You learn to decipher the clues Earth offers, to date Earth materials
and events, and to match this to an appropriate time scale.
When human society advanced enough to “have
time on its hands,” it used some of it to speculate about our
planet. Many cultures asked “How old is Earth?” and “What’s
been happening to Earth throughout all of its existence?” Some
persons earned their places in history by trying to answer these
questions. You read about James Hutton, Charles Lyell, William Smith,
John Wesley Powell, and Lord William Kelvin and their contributions
to establishing the time frame of Earth’s history.
Telling when something happened is an important
part of any historical narrative. Scientists had to figure out not
only what came first, last, and in between in Earth’s history
(relative dating), but they had to apply real numbers (numerical
or absolute dating) to Earth’s materials and events. Relative
dating is based on the application of several commonsense principles;
numerical dating requires more science. Therefore Earth happenings
were put in proper order before they were dated. You’ll read
about the common-sense principles of relative dating and work with
them in this study guide—principles of uniformitarianism, superposition,
original horizontality, continuity, baked zones, cross-cutting relations,
inclusions, and fossil succession.
Geologists were quite confident they were getting
the events of Earth’s history in proper sequence long before
they felt much confidence in the numbers they assigned to the events.
There were several creative lines of logic applied to the problem
including Lord Kelvin’s analysis of the temperature of Earth.
Unfortunately, new data and newer and better interpretation of old
data always showed fatal flaws in these schemes. Finally, during
the mid 1900s, observations of the statistical regularity of radioactive
decay allowed geologists to assign dates to ancient geologic materials
and events that are firmly believed to this day. The dating method
is termed radiometric dating. Your author discusses it thoroughly:
the actual procedures used, what the special case of carbon 14 dating
is all about, the accuracy of the method and the uncertainty of measurement,
and the mechanics of radioactive decay (half-lives, parent and daughter
isotopes, and isotope ratios).
Several other nonradioactive procedures have played
their parts in dating Earth events. Rock layers, some with fossils
in them, read like pages in a book to reveal Earth’s history.
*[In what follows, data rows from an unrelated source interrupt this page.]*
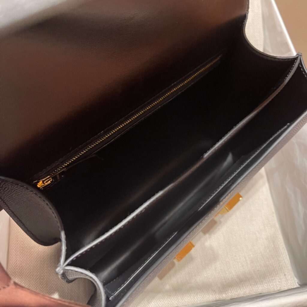 正方形の中にも丸みがある《コンスタンス》はシンプルの極みで、同時に矛盾を楽しめるバッグでもあります。長方形の《コンスタンス》は角が丸く、そのフラップにはソフトな表情を湛えます。2つのマチの部分には空気感があり、バンドリエールは自在に調節できます。
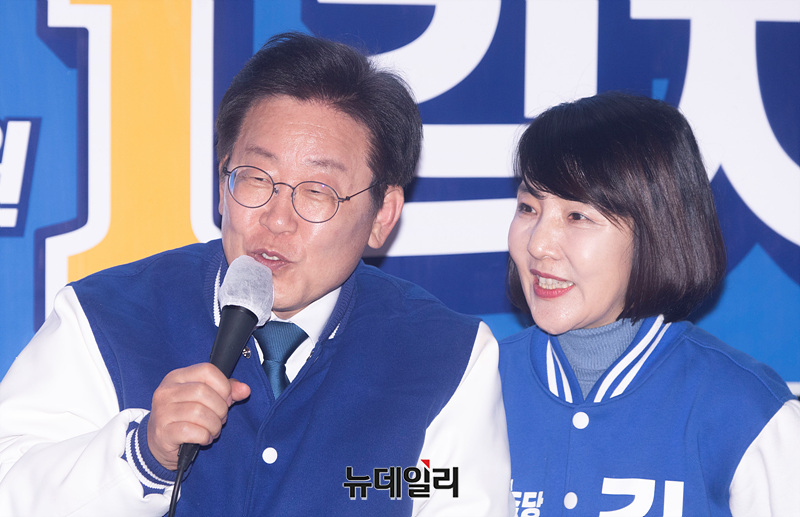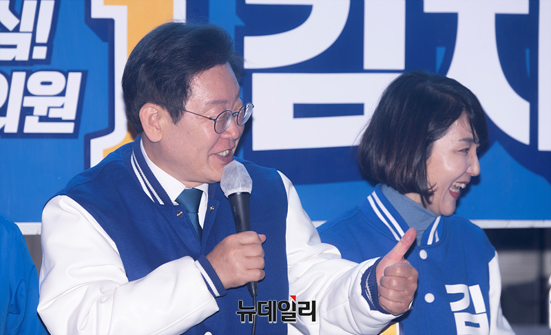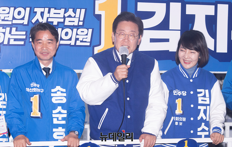 이재명 더불어민주당 상임선대위원장이 3일 오후 경남 창원시 도계부부시장에서 열린 선거유세 현장에서 김지수 창원의창 후보, 송순호 창원마산회원 후부와 함께 지지를 호소하고 있다. (경남 창원=서성진 기자)
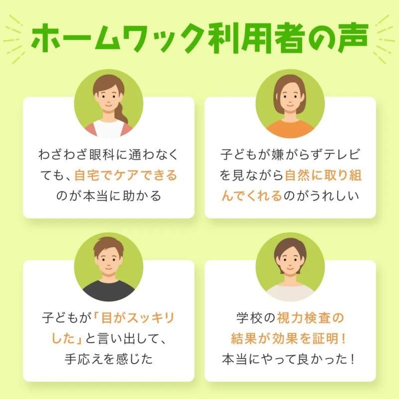 春の検眼で娘の視力低下を知り、夏休みの間に少しでも改善できればとホームワックを試しました。 タブレット学習や読書の合間に短時間でできるので無理なく続けられ、ここ最近、遠くが少しクリアに見えると本人も自覚しています。 夏休みをきっかけに視力ケアの習慣ができ、本当に良かったと思います。
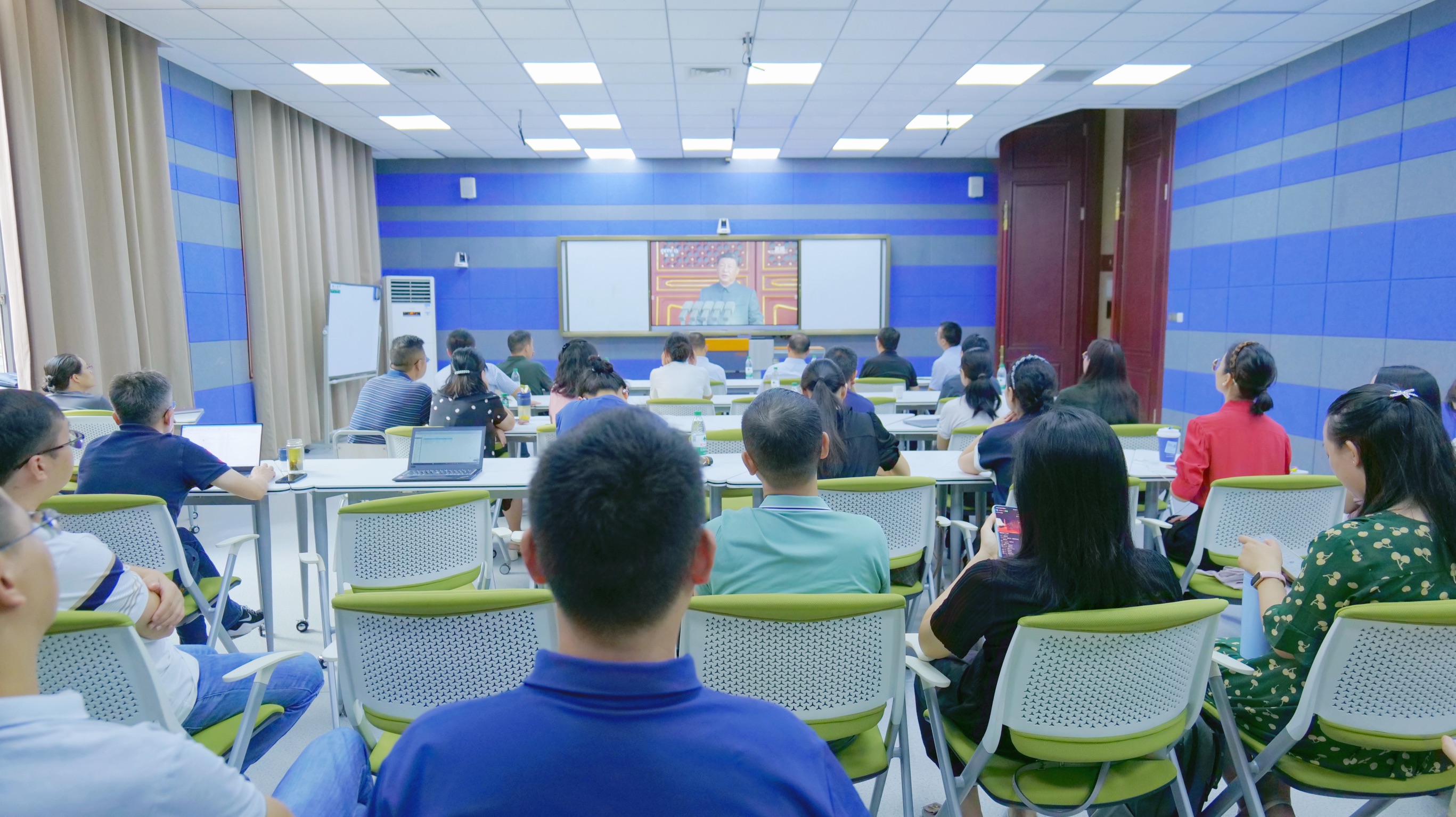 为深切缅怀革命先烈,传承弘扬伟大抗战精神,我校校领导及全体中层干部在教学楼1220智慧教室集中观看纪念中国人民抗日战争暨世界反法西斯战争胜利80周年大会直播,共同见证这一庄严而神圣的历史时刻。
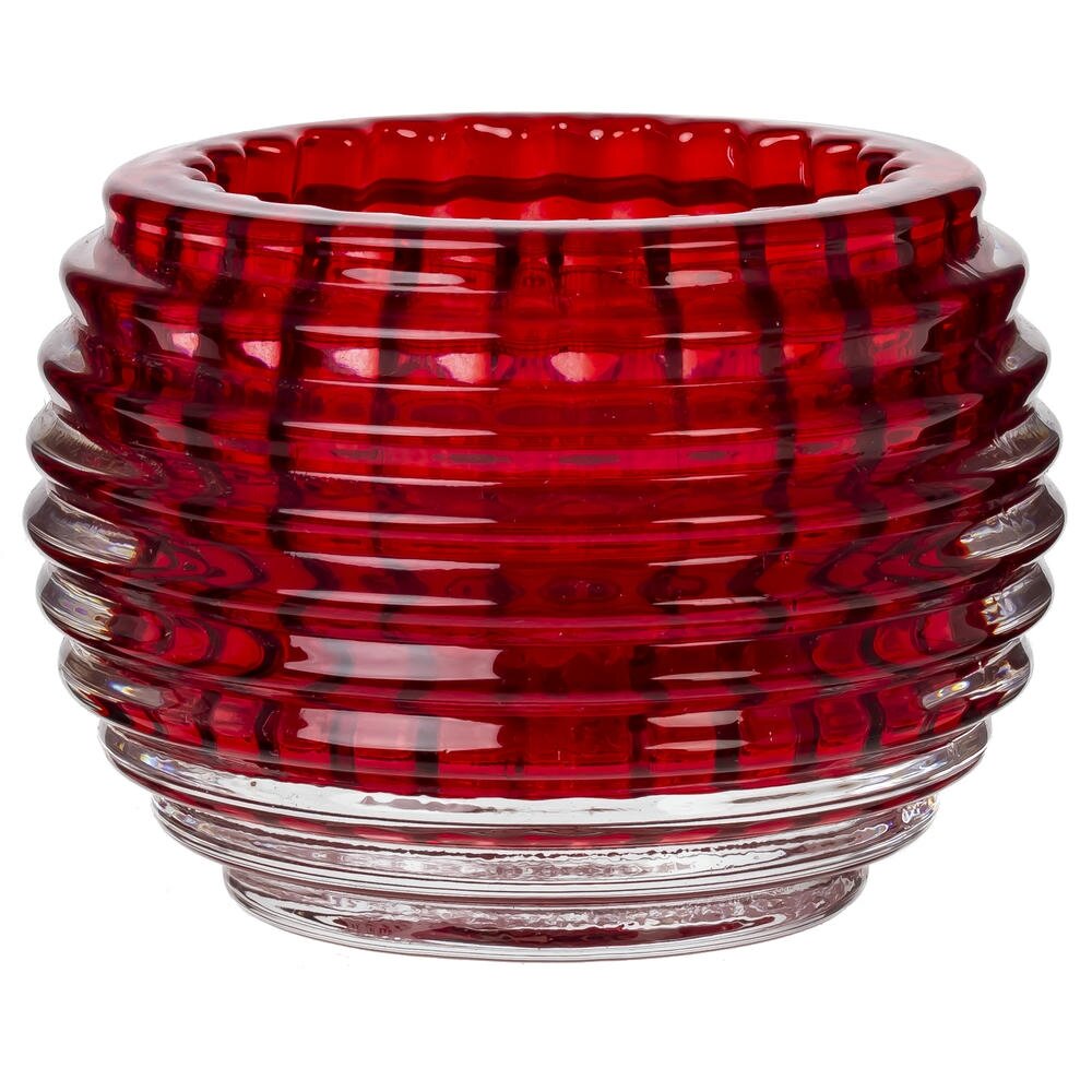 Стеклянный подсвечник округлой формы с выраженным рельефом: по всей поверхности идут плотные горизонтальные ребра, создающие эффект волнообразных колец. Стекло густо окрашено в рубиново?красный цвет, к основанию плавно переходит в прозрачное, благодаря чему при зажигании свечи свет преломляется и дает теплые блики и полосатые тени. Широкое горло удобно для чайной свечи или небольшой вотивной. Толстые стенки и тяжелое, устойчивое дно повышают безопасность и удерживают тепло. Глянцевая поверхность легко очищается. Подсвечник станет ярким акцентом на столе, полке или подоконнике, добавит уют в современный интерьер и уместен как праздничное оформление или романтический декор. Для свечи, диаметром 5 см.
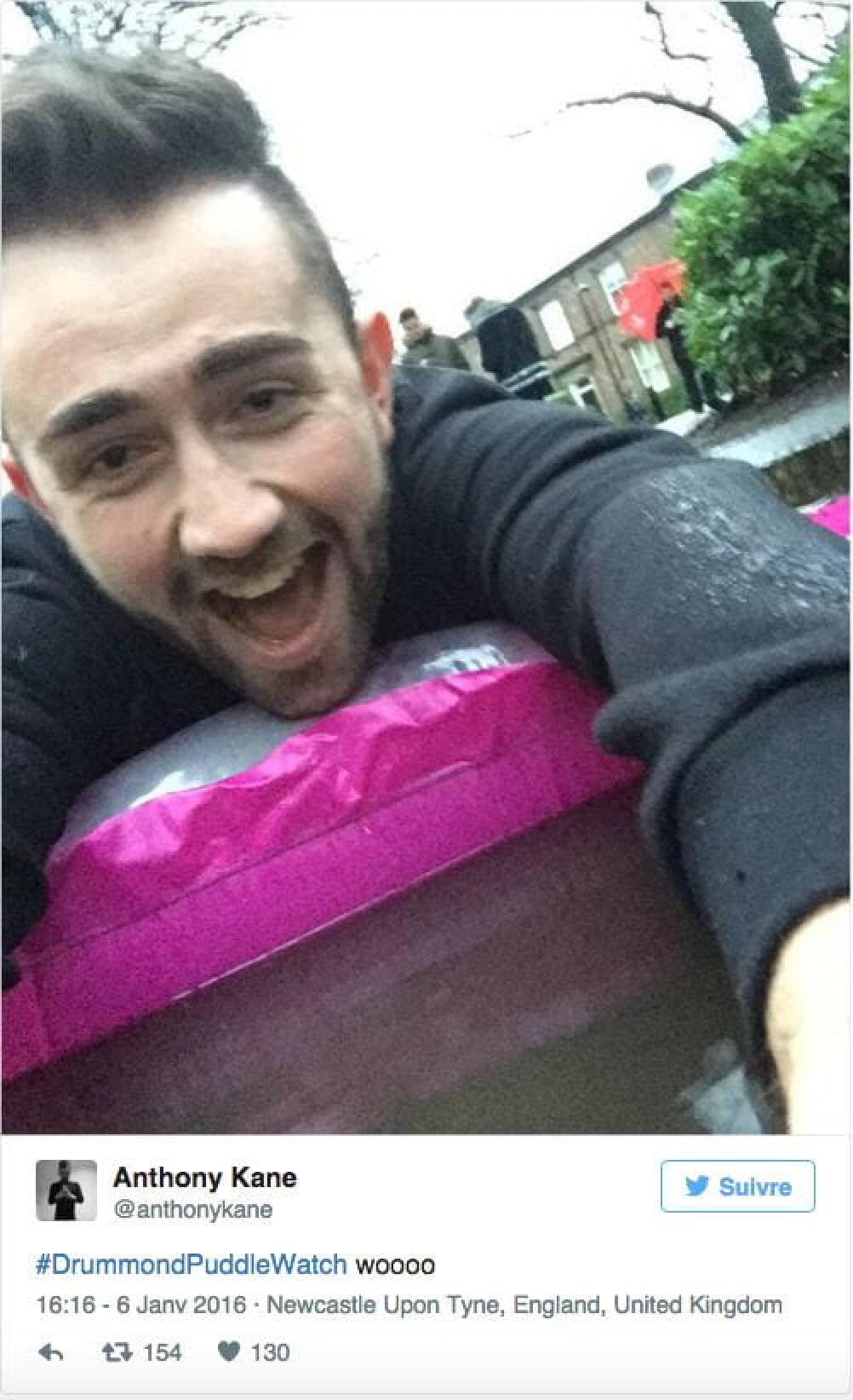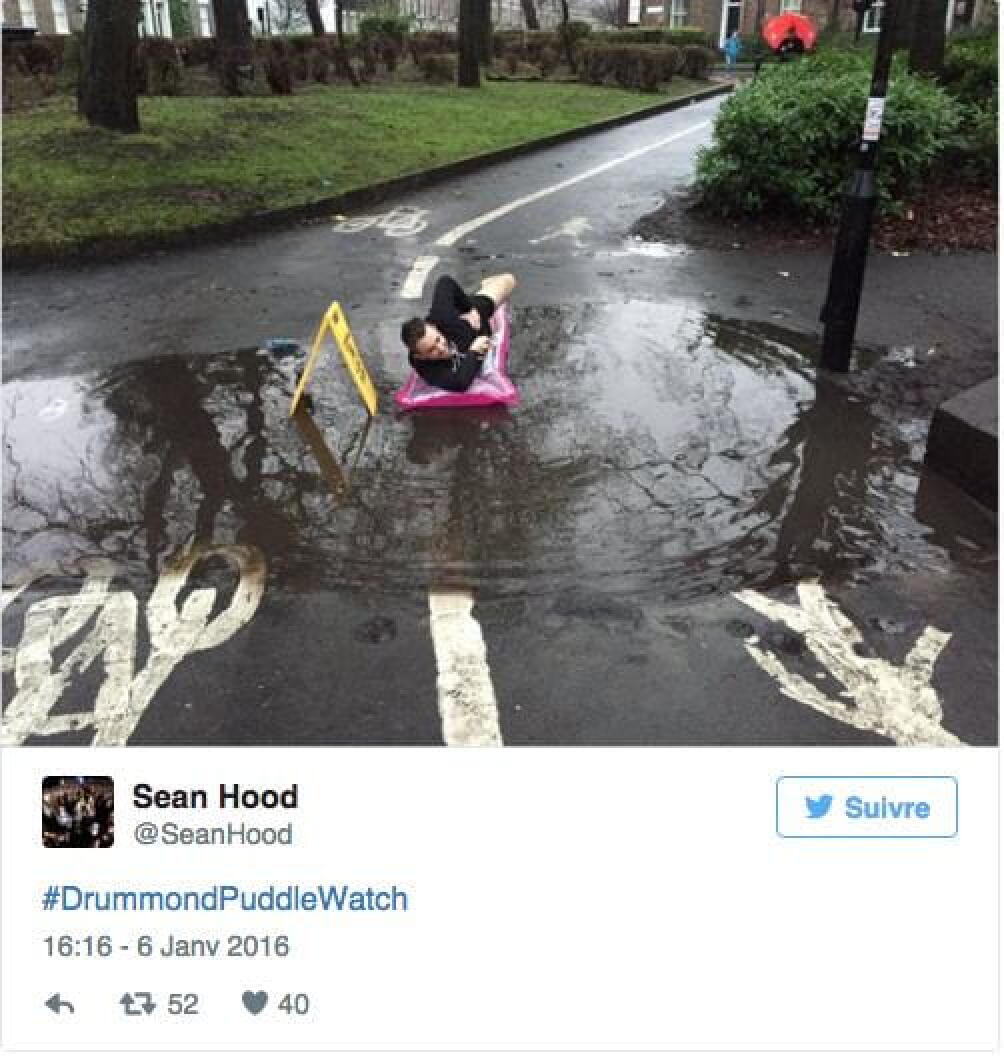 Alors, comment vous expliquer ? C’est l’histoire d’une flaque qui s’est formée dans la rue à Newcastle en Angleterre. Le problème avec cette flaque c’est qu’elle est assez grande et rend par conséquent sa traversée un peu difficile. Du coup, un internaute décide de filmer la scène et de la diffuser en périscope. Un hashtag est lancé, #Puddlewatch et #DrummondPuddleWatch et boum c’est le début de la folie, il devient trending topic en Angleterre. Résultat, 20 000 personnes en moyenne regardent cette flaque en permanence et en direct depuis ce matin.

Sometimes there are breaks in the rock record—pages missing—called
unconformities, which often can be accounted for by finding the missing
pages (rock layers) elsewhere in the world (a procedure called correlation).
As time passed and communications got better, correlations
worldwide became complete enough to compile a geologic column showing
all (or almost all) of Earth’s history as written in the rocks.
Improved communications also resulted in the development of a dated
geologic time scale. Its organization is a bit lacking because it
grew by bits and pieces over more than a century, but its terminology
is essential to any discussion of Earth’s history. This chapter
presents the largest, most basic divisions of the scale (Precambrian,
Hadean, Archean, Proterozoic, Phanerozoic, Paleozoic, Mesozoic, and
Cenozoic). Chapter 11 will go into greater detail.
In a study of geology you get used to hearing about
millions and billions of years. You may be very comfortable with
the words and know how many zeros go with each, but as humans we
all lead lives that revolve around smaller figures and much less
time. Therefore your author concludes the chapter with an analogy
that tries to fit these immense numbers onto a time frame we can
feel. He equates all of Earth history to one calendar year. It is
a humbling paragraph.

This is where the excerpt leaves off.